Un frammento di Falcon 9 traccia una traiettoria di impatto verso la Luna: i dettagli e i rischi per le future basi

Impatto previsto di uno stadio Falcon 9 sulla Luna: cosa sapere

Un frammento spaziale appartenente allo stadio superiore di un razzo Falcon 9 è stato tracciato su una traiettoria che lo porta a impattare sulla Luna il 5 agosto 2026. L’indicazione, basata sui calcoli dell’astronomo Bill Gray, specifica un orario preciso: le ore 8:44 italiane. Pur trattandosi di un evento insolito, è importante inquadrarlo correttamente: la collisione non rappresenta un pericolo per persone o infrastrutture sulla Terra, ma solleva questioni pratiche e normative sul smaltimento dei detriti spaziali e sulla tutela dell’ambiente lunare.

Le previsioni si fondano su numerose osservazioni che hanno seguito il corpo per oltre un anno; il frammento è stato identificato ripetutamente dalle campagne di sorveglianza. Le stime indicano una velocità d’impatto di circa 2,43 km/s (circa 8.748 km/h), e il punto stimato di collisione è nelle vicinanze del cratere Einstein, sul lato visibile del satellite.

Vista la massa limitata dello stadio superiore, l’effetto principale atteso sarà un piccolo cratere e qualche spunto di interesse per gli studi geologici.

Origine e tracciamento del frammento

Il pezzo proviene da un lancio avvenuto il 15 gennaio 2026 che aveva portato verso la Luna due lander: il Blue Ghost (Firefly Aerospace) e il Hakuto‑R/Resilience (ispace). Dopo il rilascio dei carichi utili, la carenatura protettiva rientrò nell’atmosfera il 15 marzo, mentre lo stadio superiore rimase in orbita su una traiettoria complessa attorno al sistema Terra‑Luna. Diverse campagne osservazionali hanno identificato l’oggetto più di mille volte, permettendo a strumenti e modelli dinamici di ricostruirne con buona precisione la traiettoria.

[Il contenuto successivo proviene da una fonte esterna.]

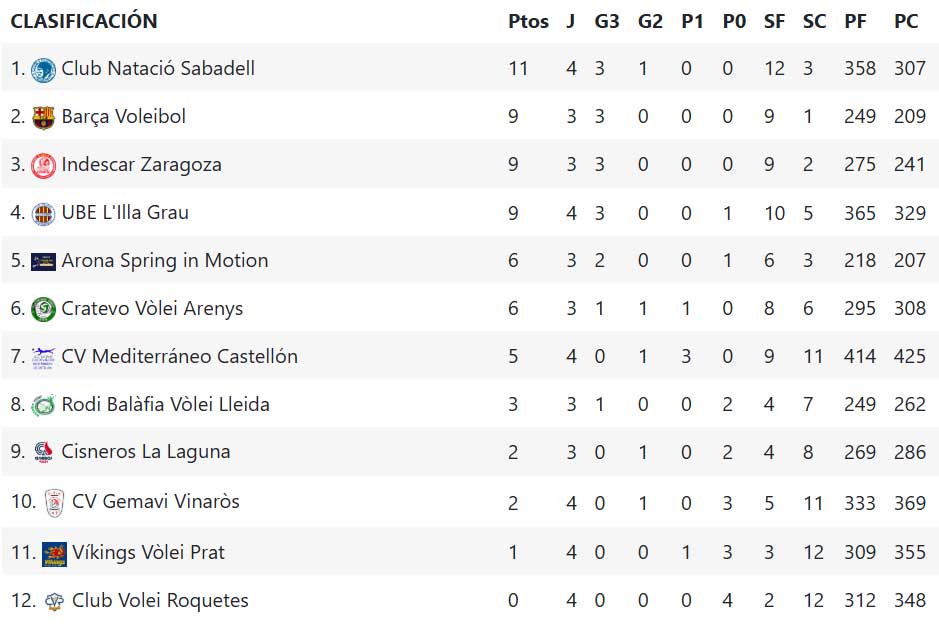 Podeu veure la classificació de la Superlliga 2 Masculina al seu grup B, després de la quarta jornada del campionat de lliga, la podeu veure a continuació:

Il ruolo di Bill Gray e degli strumenti di tracciamento

L’analisi è stata condotta dall’astronomo Bill Gray, noto per il software Project Pluto usato per il tracciamento di oggetti vicino alla Terra. Grazie a osservazioni ripetute e a modelli che tengono conto delle forze gravitazionali di Terra, Luna, Sole e pianeti, è stato possibile stimare tempo e luogo dell’impatto. Alcune incertezze minori possono derivare dalla pressione di radiazione solare, un effetto che agisce su corpi leggeri e irregolari, ma non dovrebbe modificare in modo sostanziale la previsione dell’8:44 del 5 agosto 2026.

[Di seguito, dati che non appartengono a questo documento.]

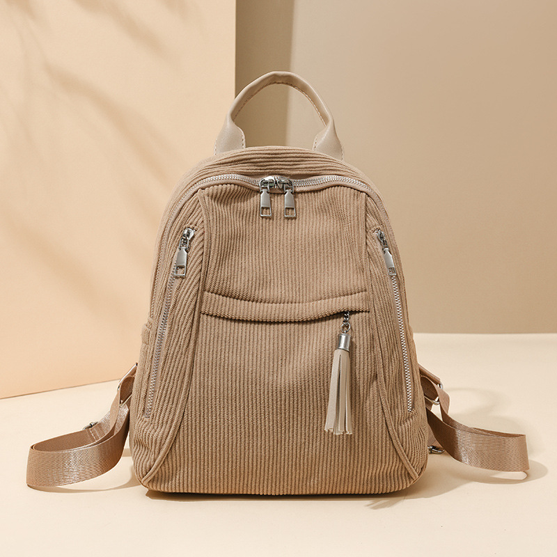 新款双肩包货源大容量灯芯绒女士跨境简约复古休闲旅行背包多功能

Caratteristiche fisiche dell’impatto

Lo stadio superiore è descritto con dimensioni di circa 13,8 metri di altezza e un diametro di 3,7 metri. Poiché la Luna è priva di atmosfera significativa, l’oggetto non subisce decelerazione aerodinamica prima dell’impatto; di conseguenza arriverà sulla superficie alla velocità prevista, producendo un effetto paragonabile a quello di altri frammenti già studiati.

L’impatto dovrebbe creare un cratere di piccole dimensioni e sganciare materiale regolitico che potrebbe essere d’interesse per chi studia la cronaca degli impatti recenti.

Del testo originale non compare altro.